Великолепный Павлик

Рубля с мелочью и начатой книжечки троллейбусных билетов Юраше хватило ненадолго.

Несколько знакомых, у которых он по телефону попросил взаймы, отказали под разными предлогами, не слишком при этом утруждая себя вежливостью. Продавать свои вещи? Нет, на это он пока еще не пойдет. Одежда — неотъемлемая и составная часть его самого. Продать замшевую куртку было для него примерно тем же самым, что лишиться, к примеру, руки или ноги. Оставалось взять какую-нибудь срочную халтуру. Юраша во всем великолепии южного загара и блеска заграничных шмоток направился в свое старое ателье.

Встретили его хорошо.

Юраша даже растрогался.

Предлагали: возвращайся, забудем старое, примем. Но Юраша заважничал:

— Не могу, я пошел на повышение. Вот халтуру бы взял… — Он гордо покручивал свои блеклые чумацкие усики.

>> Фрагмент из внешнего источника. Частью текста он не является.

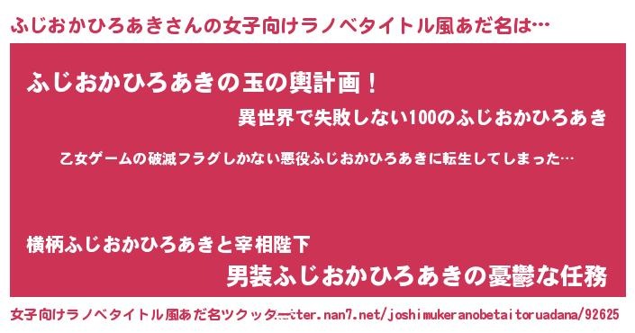 | ヘコむあだ名 | 『ふじおかひろあき(爆)』『ふじにゅー』 |
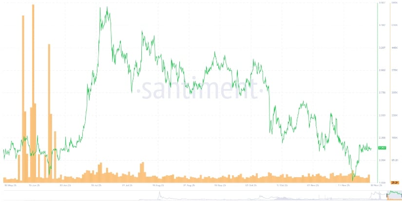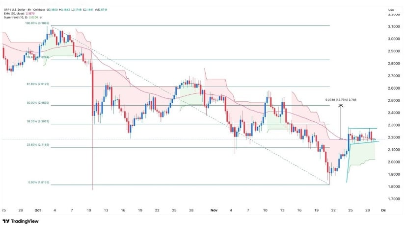 截至2025年11月30日,Brave New Coin数据显示XRP现价2.18美元。尽管恐惧贪婪指数25反映整体市场情绪偏空,但分析师认为若能突破2.20-2.30美元阻力区,当前2.15美元上方的盘整或为更大行情奠基。

Побочных заказов в ателье не оказалось.

С тем и удалился.

Когда желудок начал прилипать к позвоночнику, Юраша решился. Некогда два или три дня он стажировался как агент по распространению театральных билетов. Теперь, как видно, пришла пора использовать полученные знания.

Юраша бездумно шел по скользкой дорожке…

На этот раз мачеха-судьба, та самая, что послушного ведет, а упрямого тащит, свела его с Павликом Запорожцем. Тоже в своем роде примечательной личностью.

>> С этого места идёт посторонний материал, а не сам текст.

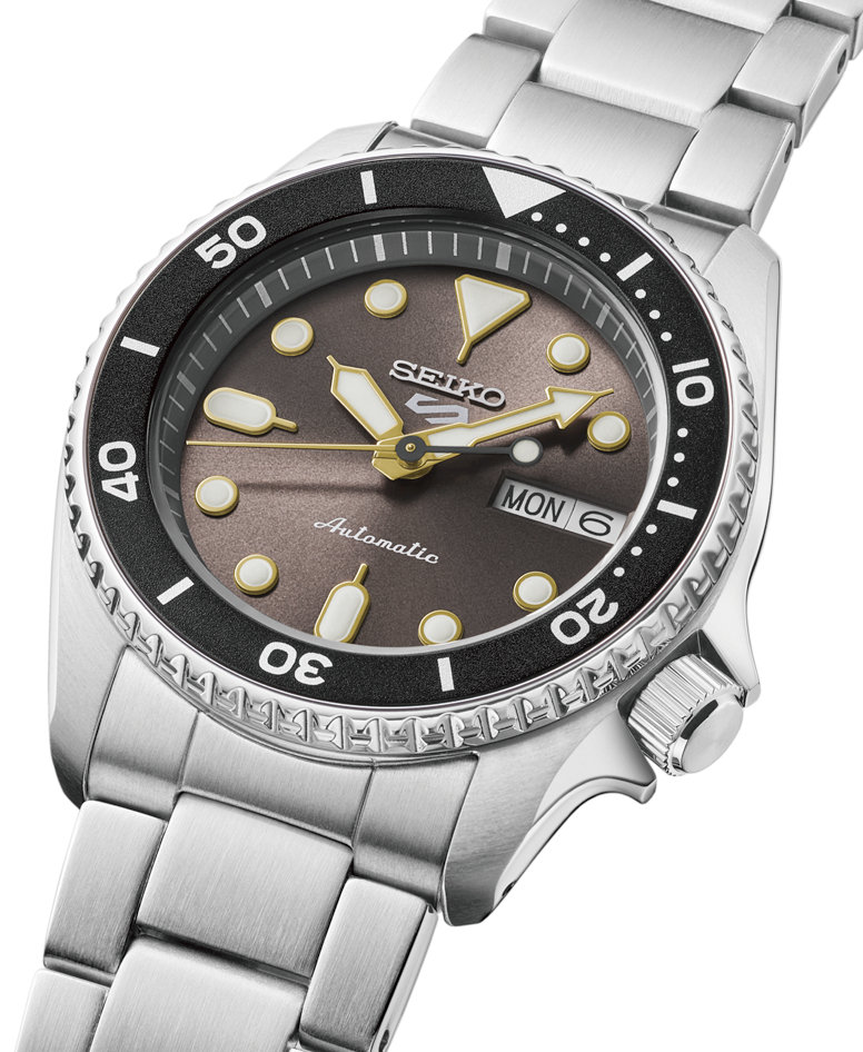 SEIKO 5 SKX Sports Style Mid Size Automatic SRPL79K1 Caliber: NEW 4R36 Automatic winding type with manual winding mechanism 24 Jewels Made in Japan Power Reserve : Approx. 41 hours A window at the 6 o'clock hour reveals the automatic day calendar. Screw case back See-through case back Serial number engraved on the case back Unidirectional rotating bezel Metal: Stainless steel Size: 38mm Thickness: 12.1mm Weight : 140g Band:Stainless steel bracelet
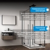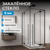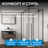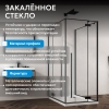 Прозрачное закалённое стекло толщиной 8 мм обеспечивает устойчивость к механическим нагрузкам и визуально расширяет пространство. Черный профиль придает интерьеру современный акцент и сочетается с сантехникой в аналогичном оформлении.

Павлик Запорожец так и остался заурядным человеком. У него не хватило духу окончить даже два курса института. Он начал свою карьеру комендантом молодежного общежития. Но тем не менее «выбился в люди». Помог слепой случай — личных заслуг Павлика в этом не было ни на грош.

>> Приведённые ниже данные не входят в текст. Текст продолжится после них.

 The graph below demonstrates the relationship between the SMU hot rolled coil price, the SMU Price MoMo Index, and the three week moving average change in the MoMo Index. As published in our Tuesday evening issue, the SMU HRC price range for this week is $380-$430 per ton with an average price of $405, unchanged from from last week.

Павлик любил прихвастнуть, что он автор-новатор самого эффективного метода воспитания молодежи — пытался внедрить в своем общежитии систему штрафных очков, подобную той, которая практикуется на спортивных состязаниях за нарушение правил игры. Но его не оценили. Пришлось искать новое поле для применения своих способностей.

На первых порах семейной жизни, обуреваемый планами личного культурно-эстетического развития, Павлик как одержимый покупал книги, выстаивал очереди за подписными изданиями. Он любил, словно завзятый книголюб, порассуждать о художественной литературе. Двух прочитанных книг, как он считал, было вполне достаточно для этого.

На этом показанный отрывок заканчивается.